== TASK BRIEF ==
Write out again, exactly as they appear, the lines from the start of the data below through the line with "사이드핀턱 벌룬와이드 데님팬츠 옐로우틴"; no pictures.

== MATERIAL TO PROCESS ==
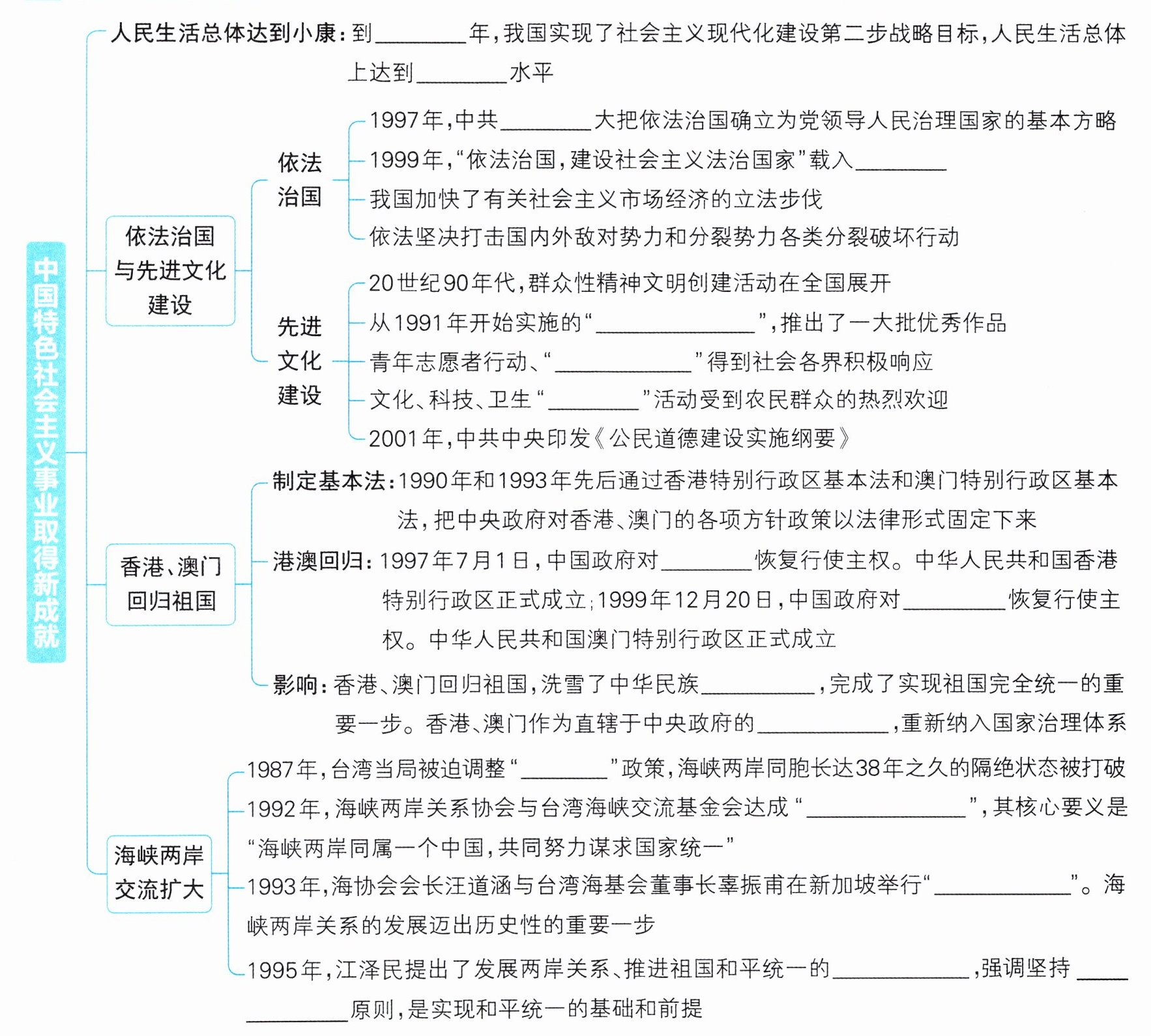 答案:2000 小康 十五 宪法 五个一工程 希望工程 三下乡 香港 澳门 百年耻辱 特别行政区 三不 九二共识 汪辜会谈 八项主张 一个中国
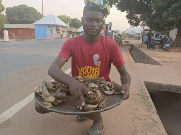 At just 21 years old, Nambu Christopher, a Senior High School graduate, spends his days walking from house to house selling fresh and dried fish to support his family. A former student of Bishop Herman Senior High School in Kpando, Volta Region, Christopher has been in the fish business for 12 years, long before he stepped into a classroom as a teenager.
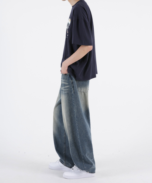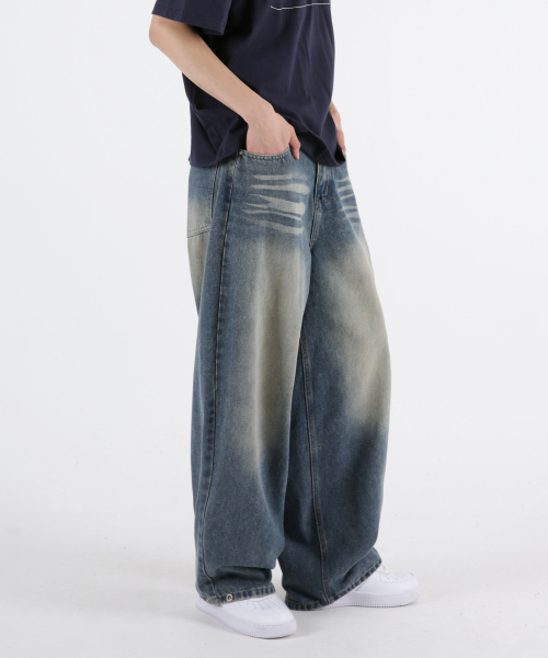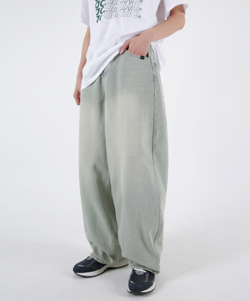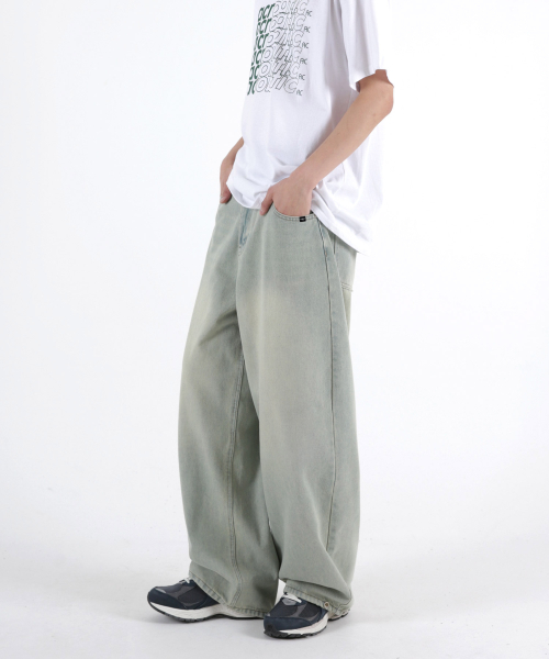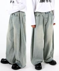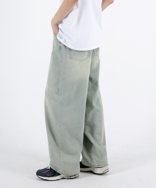 사이드핀턱 벌룬와이드 데님팬츠 옐로우틴
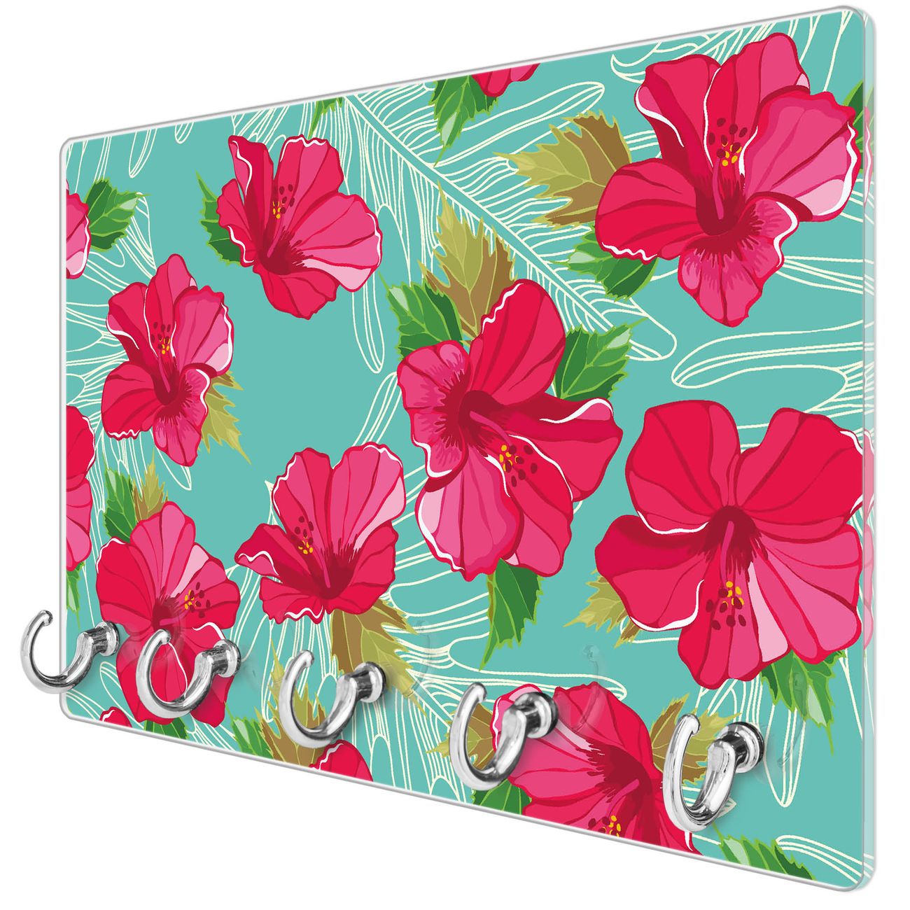 Glas Schlüsselbrett mit 5 Haken Hibiskus
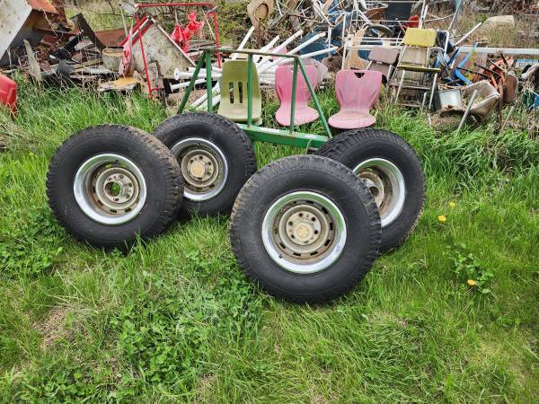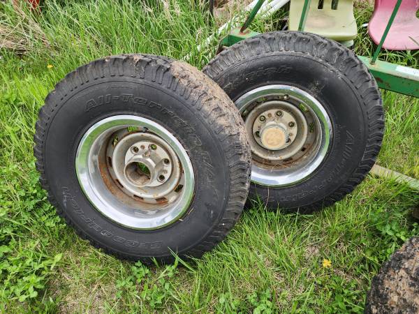 1 FULL SET OF GM 4X4 RALLY WHEELS 6 BOLT, ALL HAVE CAPS AND RINGS THEY ARE IN DECENT SHAPE TIRES ARE OLD AND CRACKED BUT HOLD AIR. $300.00 CASH ONLY.. PLEASE CALL show contact info

== WORKED SOLUTION ==
 答案:2000 小康 十五 宪法 五个一工程 希望工程 三下乡 香港 澳门 百年耻辱 特别行政区 三不 九二共识 汪辜会谈 八项主张 一个中国
 At just 21 years old, Nambu Christopher, a Senior High School graduate, spends his days walking from house to house selling fresh and dried fish to support his family. A former student of Bishop Herman Senior High School in Kpando, Volta Region, Christopher has been in the fish business for 12 years, long before he stepped into a classroom as a teenager.
 사이드핀턱 벌룬와이드 데님팬츠 옐로우틴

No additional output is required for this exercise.